= Vaughan's Hotel =

Vaughan's Hotel, No 29 – 30 Ruthland Square was a Dublin establishment at the time of the 1916 Easter Rising in Ireland. It provided a base near government buildings where Irish militants could evaded capture while striking against British forces. The building was completed in 1770 by Robert West, a local master builder. More recently it has been a multiple-occupancy residence.

The hotel was an important meeting place for many of the leaders of the IRA and was a safe-house for Michael Collins. A system was developed whereby a flowerpot in the back window signalled danger.
== The hotel raid==
On 20 November 1920, the Saturday evening before the events of Bloody Sunday. Members of the GHQ staff of the Irish Republican Army, had met to discuss the final arrangements for the elimination of the Cairo Gang the following morning. Having concluded their business, the meeting dispersed; Michael Collins, Peadar Clancy, and Dick McKee went to Vaughan's where they met with Piaras Béaslaí, deputy commanding officer of the IRAs 1st Dublin Battalion and Teachta Dála in the 1st Dáil Éireann. Word was brought to the meeting that Conor Clune from Clare was there to meet Béaslaí.

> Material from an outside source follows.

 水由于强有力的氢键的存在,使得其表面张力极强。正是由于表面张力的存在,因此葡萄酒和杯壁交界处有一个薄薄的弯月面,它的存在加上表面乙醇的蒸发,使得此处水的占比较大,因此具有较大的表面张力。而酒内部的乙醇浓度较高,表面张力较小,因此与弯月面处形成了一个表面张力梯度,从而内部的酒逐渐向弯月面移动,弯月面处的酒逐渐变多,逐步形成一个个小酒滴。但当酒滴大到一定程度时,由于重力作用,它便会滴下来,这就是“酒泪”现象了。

Clune and Edward MacLysaght had travelled to Dublin that morning. Clune was manager of the seed and plant nursery owned by MacLysaght near Quin and they brought with them the books of the Raheen Co-op for its annual audit. Clune told Mr. MacLysaght that he was to meet the Irish language enthusiast, John O'Connell. In fact, Clune met Béaslaí, an author, playwright, and translator. Clune and Béaslaí parted company, after arranging to meet on the following day.

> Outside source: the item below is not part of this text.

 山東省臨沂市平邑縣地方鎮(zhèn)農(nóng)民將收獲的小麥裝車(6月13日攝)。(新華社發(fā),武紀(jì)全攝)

In the Meantime, hotel porter Christopher Harte had become suspicious of one of the guests, a Mr Edwards, who had made a late-night telephone call, and then left the hotel. He informed the Volunteers, who quickly left the building. Beaslaí, who was familiar with the Hotel's surroundings escaped with the others including Collins. In the confusion, Clune had been overlooked and remained in the hotel. The hotel was raided a few minutes later by British Auxiliaries. Clune was the only one arrested as he was not registered as a guest. This, according to Seán Kavanagh, a member of Collins' IRA Squad, would ultimately cost him his life.

==Aftermath==
Clancy and McKee would also be arrested in the early hours of the morning in another part of the city, though the Cairo Gang assassination plan was already in motion, for the next day. Upon their arrest, the three men were taken to the old detective office in the Exchange Court. Brigadier-General Ormonde Winter, head of the British Secret Service in Ireland, and two Auxiliary Division officers, Captain Hardy and Captain King, were the personnel who interrogated Clancy, McKee and Clune. They were tortured and later shot dead "while trying to escape". Christy Harte, the porter, came to the attention of the authorities who had noted that he frequently carried Collins' bicycle down the hotel steps to the street. He was arrested in December 1920 and offered £10,000 for information leading to the arrest of Collins.

It was later discovered they were betrayed to the British authorities by Irish former soldier James "Shanker" Ryan, variously described as "a ne’er do well", "a drunken bousey" and "a tout". The Squad, led by Bill Stapleton, later killed Ryan, in February 1921, in a pub near the Five Lamps in Dublin.